# Entries supplied:
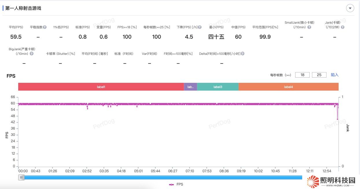 測試過程中,小編主要是在游戲中的楓丹廷進行跑圖,20 分鐘后測得平均幀率為 59.4 fps,可以幀率幾乎沒有波動,非常平穩。
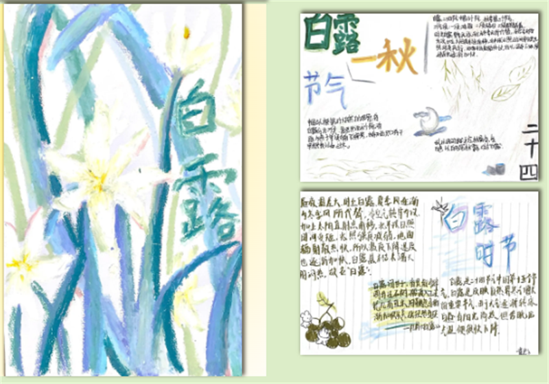 九年级1班的同学们,用色彩斑斓的画笔,将白露节气的美丽景致与传统习俗融入到手抄报中。每一幅作品都凝聚着同学们的巧思妙想和辛勤付出,展示出了他们对传统文化的热爱与传承。手抄报上的图案栩栩如生,文字生动有趣,不仅让人领略到了的自然之美,更让人感受到了传统文化的博大精深。
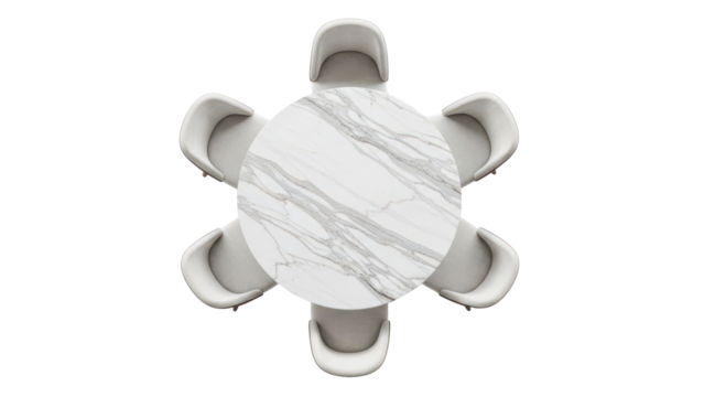 Top view composition of a round marble dining table with matching upholstered dining chairs isolated on white background
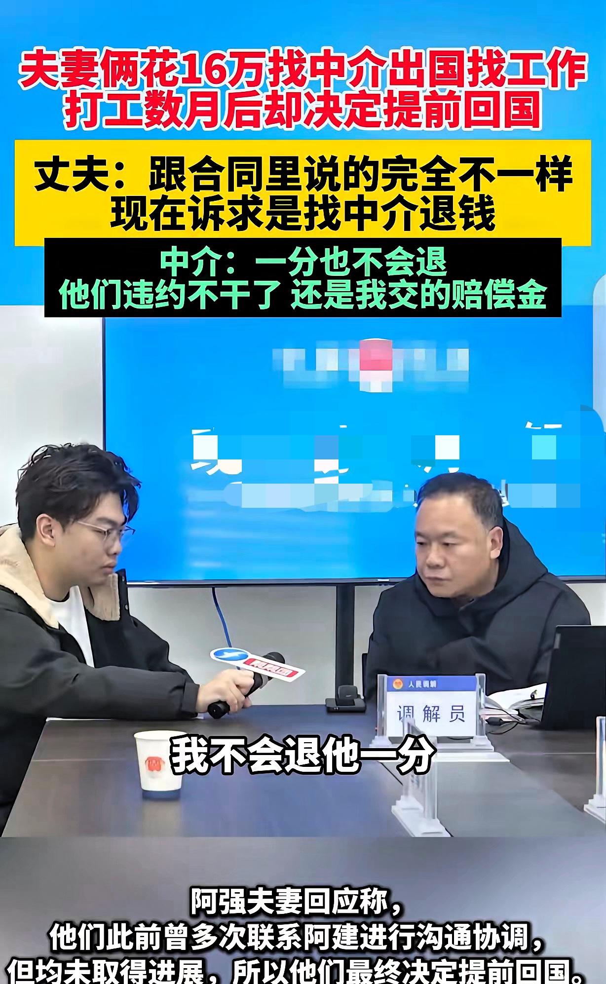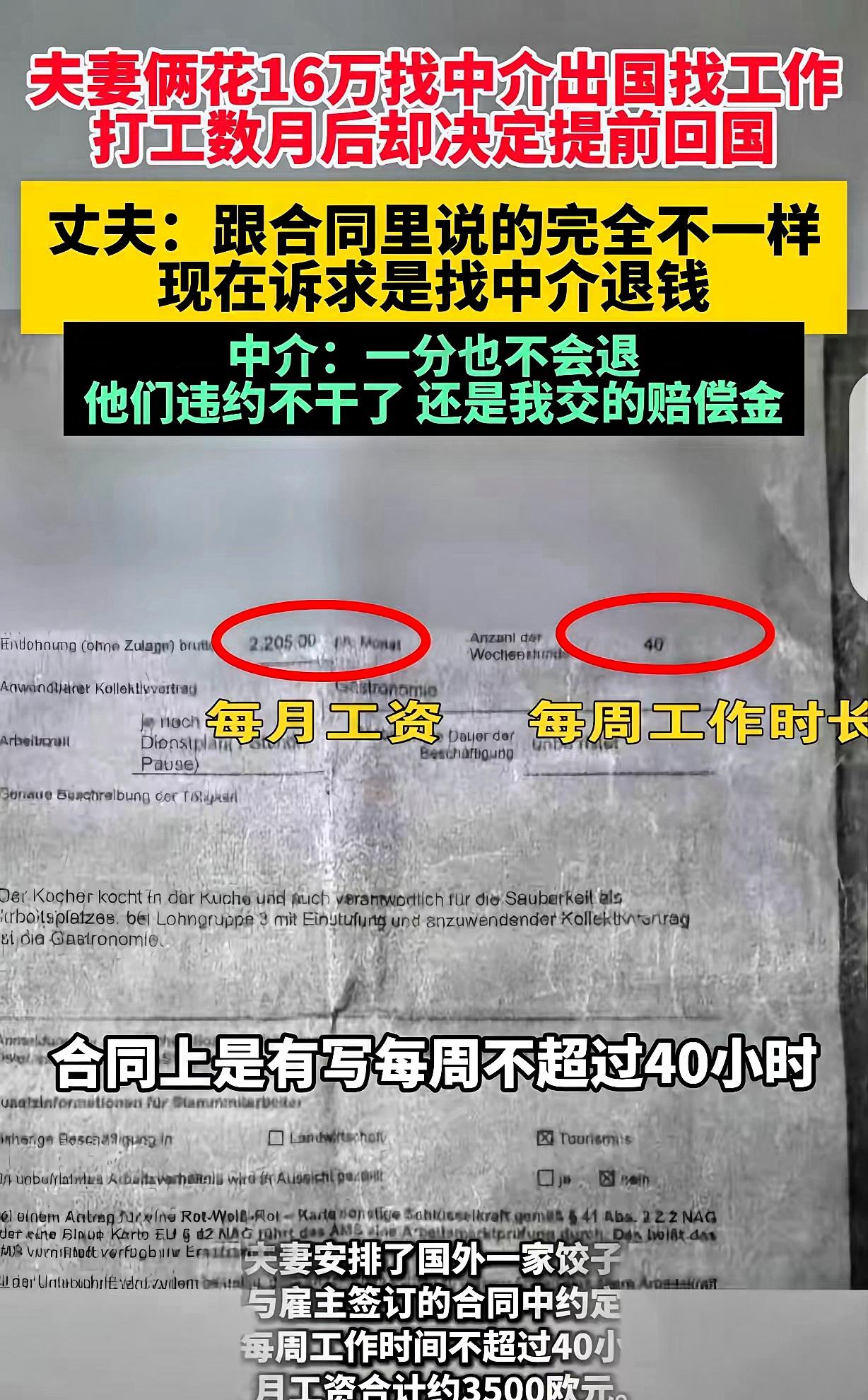 “肠子都悔青了!”福建,一对夫妻花16万中介费,去奥地利打工,两人月工资加起来有3500欧元,折合成人民币28000多元,每周工作时长不超过40小时,可到奥地利后,夫妻俩就傻眼了,因为现实与合同里约定的内容完全不符! 这对夫妻是福建三明的阿强两口子,家里有娃要养,还没买房,就想着出国拼几年多挣点。 经朋友介绍联系上中介阿峰,对方把奥地利的工作吹得天花乱坠,说饺子厂工作轻松,薪资稳定,俩人二话没说就每人交了8万,凑够16万中介费。 2025年5月,怀揣着发财梦的夫妻俩飞到奥地利,刚上工就傻了眼。 阿强被安排在饺子厂干杂活,早上7点就得进厂打包、装车,忙到晚上七八点才歇,中午连口气都没的喘,更别说休息了。 他老婆更惨,被分到饺子厂附属的餐馆,从早上8点忙到半夜12点,每天睡不了几个小时,累得站着都想打盹。 原本约定的每周不超过40小时工作,变成了每天十二三小时的连轴转,每周一天的休息也被直接取消,说好的加班费更是提都没提。 硬扛了7个月,夫妻俩实在顶不住,2025年12月就提前回国了,找中介要16万中介费,却被一口拒绝。 中介说自己已经办妥了出国手续,是夫妻俩没干满两年违约在先,还说他们把通勤时间算进了工作时长,根本不承认欺诈。 可夫妻俩压根没拿到过打卡记录,手里没实质证据,调解也只能暂时中止,好好的打工梦变成了维权难。 高薪出国打工的馅饼,大多裹着陷阱。别光盯着换算后的人民币数字,先核实中介有没有正规资质,合同条款是不是写得明明白白。 出门在外没证据寸步难行,真要去务工,每天的工作记录、沟通聊天都得留好,不然被骗了都没地说理,辛苦攒的血汗钱可就打了水漂。
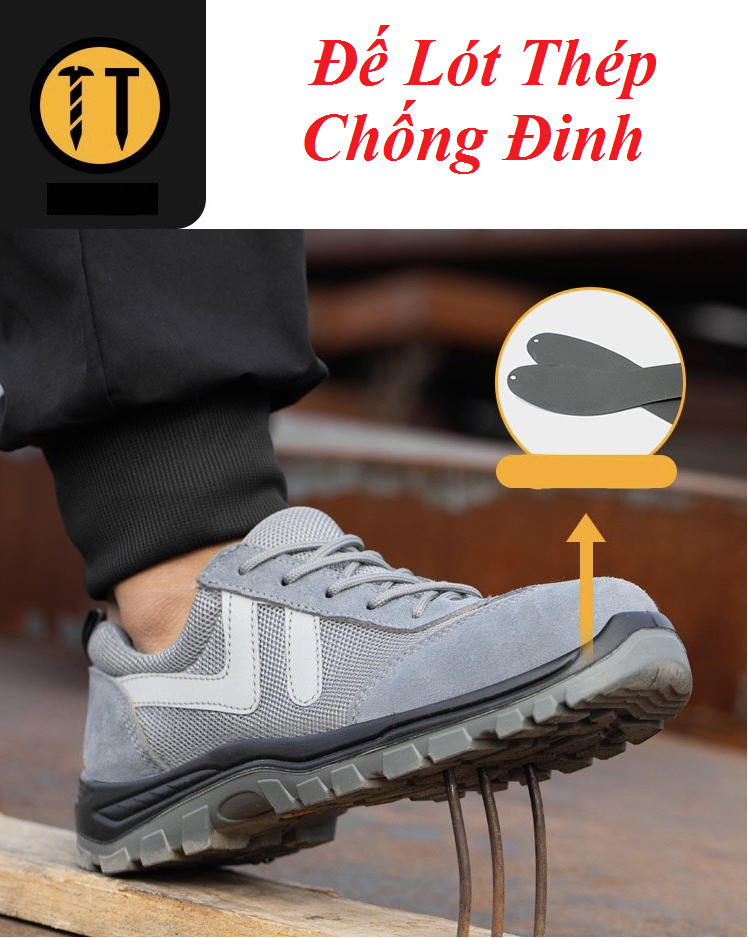 - Chống đâm xuyên: đế giày làm bằng lót thép chống đinh, chống đâm xuyên
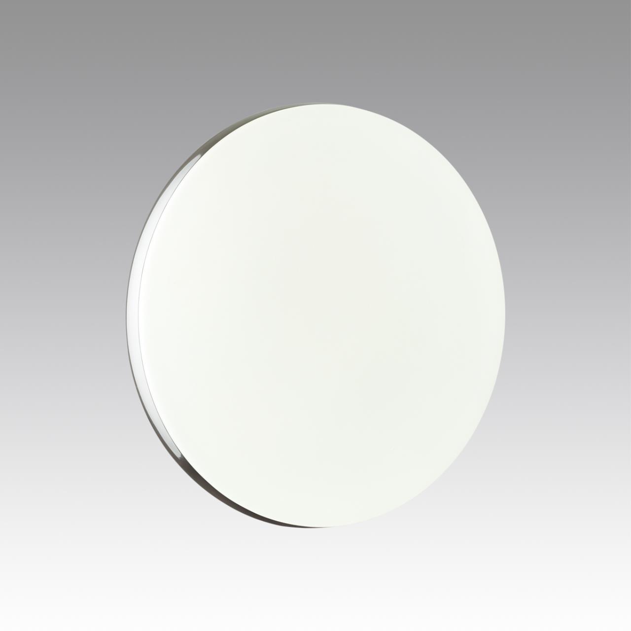 Светильник 7600/CLN линии RINGO состоит из металлического основания (базы) и пластикового рассеивателя. Материал рассеивателя - высококачественный пластик марки PMMA 2.0 белого цвета с матовой поверхностью, без текстуры. Пластик обеспечивает светильнику равномерное рассеивание и хорошее светопропускание. Форма плафона: круглая, декорирована ободом из пластика цвета хром. Степень защиты IP43 позволяет использовать светильник в определенных зонах влажных помещений. В комплект входит LED модуль с линзами, мощностью 36Вт, которая соответствует лампе накаливания 315Вт. Источник света имеет комфортную цветовую температуру 4000К (белый свет).
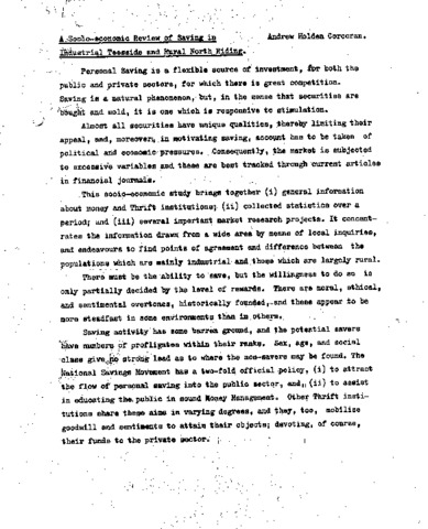 Socio-economic review of saving in industrial Teesside and rural North Riding
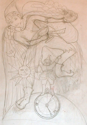 Дурак, изображенный Фридой Харрис, — настоящий кладезь священных образов, многие из которых удается обнаружить лишь посредством долгой медитации (и при помощи увеличительного стекла). Он врывается в мир из-за покрова трех спиральных колец, которые исходят из его сердца и в него же возвращаются. Это три завесы небытия (Айн, Айн Соф и Айн Соф Аур6), которые, по учению каббалы, дали начало творению. В котомке Безумца заключена вся вселенная, представленная в образе монет с планетарными и зодиакальными символами.
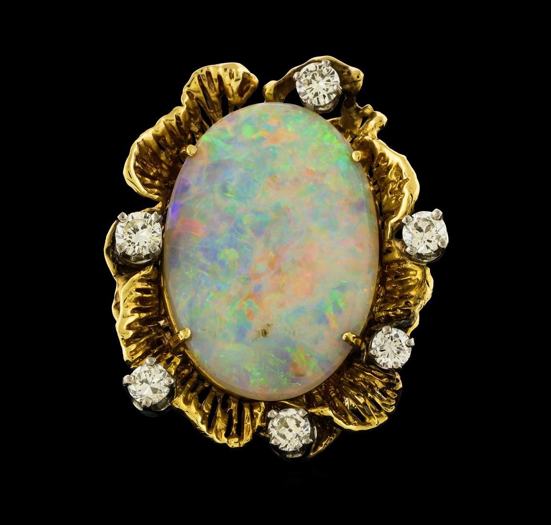 One electronically tested 14KT yellow gold ladies cast opal and diamond ring. The featured opal is set within a gold floret with six diamond accents. Bright and textured finish. Identified with markings of '14K'. Condition is good. Containing: One semi crystal opal that is cut in a oval shaped cabochon and is prong set, measuring 26.00 mm long x 18.00 mm wide, and 3.00 mm thick and the approximate weight is 8.75 carats. The opal has a bright, multicolor play of color (fire) in a flashfire pattern; a low dome; a good cut; slightly included; consistent in its brightness and pattern; and is not directional. Graded in the setting. Six prong set round brilliant and transitional cut diamonds, measuring 3.40 x 3.90 x 0.00mm (depth est.) approximate total weight of 6 Stones = 1.07ct. Graded in the setting. Clarity VS-2 to SI-2. Color: G - I. Total Weight of Diamonds 1.07ct.. Total Weight of Opals 8.75ct.. Total Weight of Ring 24.57gm. AIG Appraised at $11,750.00.

# Work task:
Could the material above be written out again word for word, with the pictures dropped?

# Answer area:
 測試過程中,小編主要是在游戲中的楓丹廷進行跑圖,20 分鐘后測得平均幀率為 59.4 fps,可以幀率幾乎沒有波動,非常平穩。
 九年级1班的同学们,用色彩斑斓的画笔,将白露节气的美丽景致与传统习俗融入到手抄报中。每一幅作品都凝聚着同学们的巧思妙想和辛勤付出,展示出了他们对传统文化的热爱与传承。手抄报上的图案栩栩如生,文字生动有趣,不仅让人领略到了的自然之美,更让人感受到了传统文化的博大精深。
 Top view composition of a round marble dining table with matching upholstered dining chairs isolated on white background
 “肠子都悔青了!”福建,一对夫妻花16万中介费,去奥地利打工,两人月工资加起来有3500欧元,折合成人民币28000多元,每周工作时长不超过40小时,可到奥地利后,夫妻俩就傻眼了,因为现实与合同里约定的内容完全不符! 这对夫妻是福建三明的阿强两口子,家里有娃要养,还没买房,就想着出国拼几年多挣点。 经朋友介绍联系上中介阿峰,对方把奥地利的工作吹得天花乱坠,说饺子厂工作轻松,薪资稳定,俩人二话没说就每人交了8万,凑够16万中介费。 2025年5月,怀揣着发财梦的夫妻俩飞到奥地利,刚上工就傻了眼。 阿强被安排在饺子厂干杂活,早上7点就得进厂打包、装车,忙到晚上七八点才歇,中午连口气都没的喘,更别说休息了。 他老婆更惨,被分到饺子厂附属的餐馆,从早上8点忙到半夜12点,每天睡不了几个小时,累得站着都想打盹。 原本约定的每周不超过40小时工作,变成了每天十二三小时的连轴转,每周一天的休息也被直接取消,说好的加班费更是提都没提。 硬扛了7个月,夫妻俩实在顶不住,2025年12月就提前回国了,找中介要16万中介费,却被一口拒绝。 中介说自己已经办妥了出国手续,是夫妻俩没干满两年违约在先,还说他们把通勤时间算进了工作时长,根本不承认欺诈。 可夫妻俩压根没拿到过打卡记录,手里没实质证据,调解也只能暂时中止,好好的打工梦变成了维权难。 高薪出国打工的馅饼,大多裹着陷阱。别光盯着换算后的人民币数字,先核实中介有没有正规资质,合同条款是不是写得明明白白。 出门在外没证据寸步难行,真要去务工,每天的工作记录、沟通聊天都得留好,不然被骗了都没地说理,辛苦攒的血汗钱可就打了水漂。
 - Chống đâm xuyên: đế giày làm bằng lót thép chống đinh, chống đâm xuyên
 Светильник 7600/CLN линии RINGO состоит из металлического основания (базы) и пластикового рассеивателя. Материал рассеивателя - высококачественный пластик марки PMMA 2.0 белого цвета с матовой поверхностью, без текстуры. Пластик обеспечивает светильнику равномерное рассеивание и хорошее светопропускание. Форма плафона: круглая, декорирована ободом из пластика цвета хром. Степень защиты IP43 позволяет использовать светильник в определенных зонах влажных помещений. В комплект входит LED модуль с линзами, мощностью 36Вт, которая соответствует лампе накаливания 315Вт. Источник света имеет комфортную цветовую температуру 4000К (белый свет).
 Socio-economic review of saving in industrial Teesside and rural North Riding
 Дурак, изображенный Фридой Харрис, — настоящий кладезь священных образов, многие из которых удается обнаружить лишь посредством долгой медитации (и при помощи увеличительного стекла). Он врывается в мир из-за покрова трех спиральных колец, которые исходят из его сердца и в него же возвращаются. Это три завесы небытия (Айн, Айн Соф и Айн Соф Аур6), которые, по учению каббалы, дали начало творению. В котомке Безумца заключена вся вселенная, представленная в образе монет с планетарными и зодиакальными символами.
 One electronically tested 14KT yellow gold ladies cast opal and diamond ring. The featured opal is set within a gold floret with six diamond accents. Bright and textured finish. Identified with markings of '14K'. Condition is good. Containing: One semi crystal opal that is cut in a oval shaped cabochon and is prong set, measuring 26.00 mm long x 18.00 mm wide, and 3.00 mm thick and the approximate weight is 8.75 carats. The opal has a bright, multicolor play of color (fire) in a flashfire pattern; a low dome; a good cut; slightly included; consistent in its brightness and pattern; and is not directional. Graded in the setting. Six prong set round brilliant and transitional cut diamonds, measuring 3.40 x 3.90 x 0.00mm (depth est.) approximate total weight of 6 Stones = 1.07ct. Graded in the setting. Clarity VS-2 to SI-2. Color: G - I. Total Weight of Diamonds 1.07ct.. Total Weight of Opals 8.75ct.. Total Weight of Ring 24.57gm. AIG Appraised at $11,750.00.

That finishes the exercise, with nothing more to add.